When I graduated from high school my graduation present was a trip to California with the tethering aunt to visit the visiting aunt (they were sisters). It was now my turn to ride the train. I was enthralled. We rode in coach, but the chairs leaned back further and were separated more from each other than today’s Amtrak cars. In the dining room we sat at real tables with moveable chairs. White linens covered the tables. The silverware was actually silver. Fresh flowers stood in vases next to the window. Waiters poured steaming cups of coffee from silver pots. Had the car not swayed, I would have thought I were in a fancy hotel dining room. A chef on board actually cooked the meals. Those were nice days.

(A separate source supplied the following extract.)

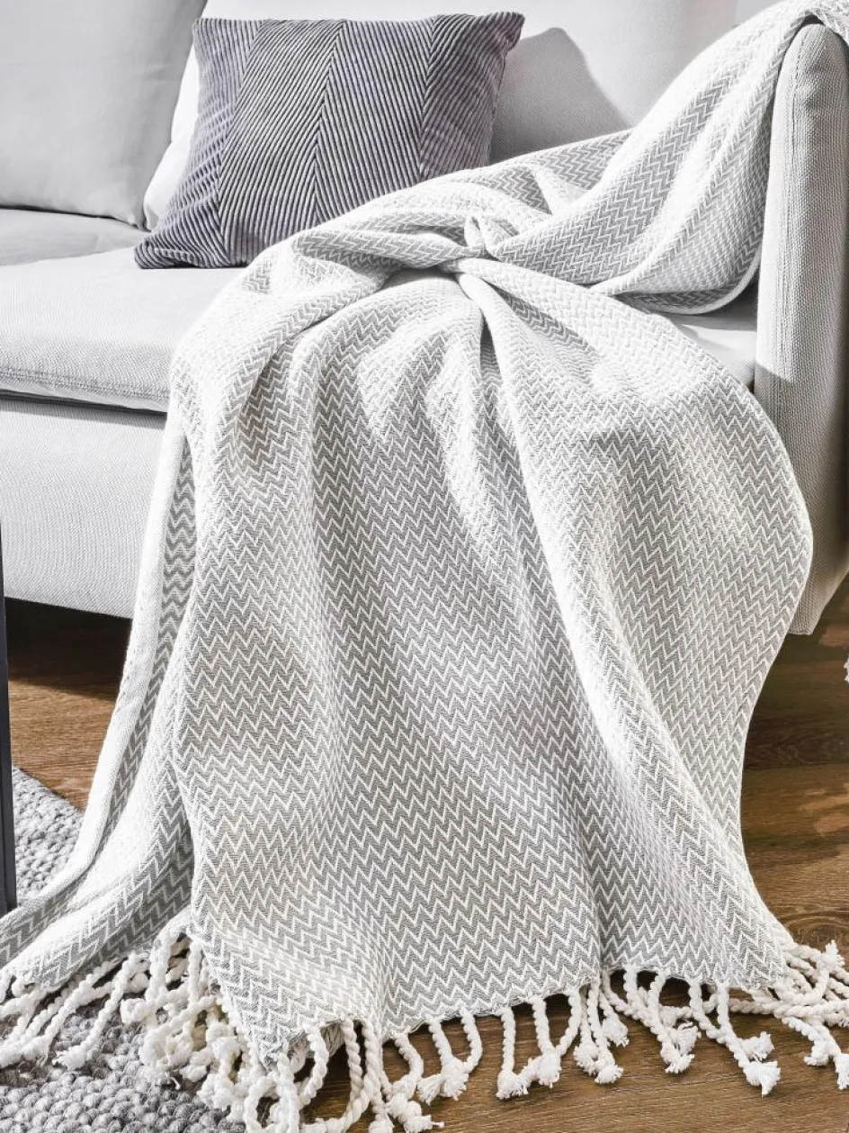 reiner Baumwolle gefertigt. Der hohe Materialeinsatz dieses feinen Jaquard-Gewebes bietet Wärme und lange Haltbarkeit. Zum pfiffigen Abschluss haben wir die JENSON-Decke mit Kordeln versehen. Oeko-Text Standard 100.

It took two nights to arrive in California. The second night I met a young man much older than me. He was almost finished with college. We sat in the club car and talked forever as the car slowly emptied itself of passengers. We continued to talk. … and talk…( ok…managed to kiss a few times). I didn’t have a watch on, but it was getting late into the night. We both had to go to the bathroom at the same time. We came back and talked some more. It must have been almost 3 AM or later when I made my way back to a very worried aunt. She had come looking for me at the time we took our mutual breaks. She knew the train hadn’t made a stop, but she had no idea what had happened to me. Maybe she thought I had been dragged into a sleeping car. I didn’t ask. The ride home was not as memorable.
I took another ride to California during college, this time staying with a cousin I didn’t meet until I got out there. She introduced me to more of my maternal relatives.
I rode from my home to Chicago several times the two years I attended college there. On my trip to Russia I rode from Moscow to Kiev overnight. The bar served marvelous vodka and the Russian guys were cute. I took my son back “home” to visit when he was in pre-school. He had a wonderful time riding in the top bunk.
I’ve gone back twice to visit on my own. I gave myself the luxury of a sleeping car on this second trip last December. The “roomettes” have definitely shrunk in the past thirty years. Little did I know how uncomfortable the thin mattressed bunks had become or how much I would have to brace myself to stay in the bunk as the train swayed from side to side. In the morning my back ached. I didn’t know if it was from bruised kidneys or muscle strain.
That still wasn’t enough to make me quit “riding the rails”. Watching the terrain change between Texas and Illinois is always interesting. It was especially so last winter when at numerous places along the way, fresh animal tracks could be seen in the snow. I love meeting the folks in the observation car and the dining car which now looks like something out of a fast food chain. The food is loaded on at various stops. The chef and his made-to-order food is gone. The silverware has disappeared, but the chance to meet someone special, or have someone special waiting at the end of the ride even if it is for only a few hours….that remains. There’s still a chance for memories.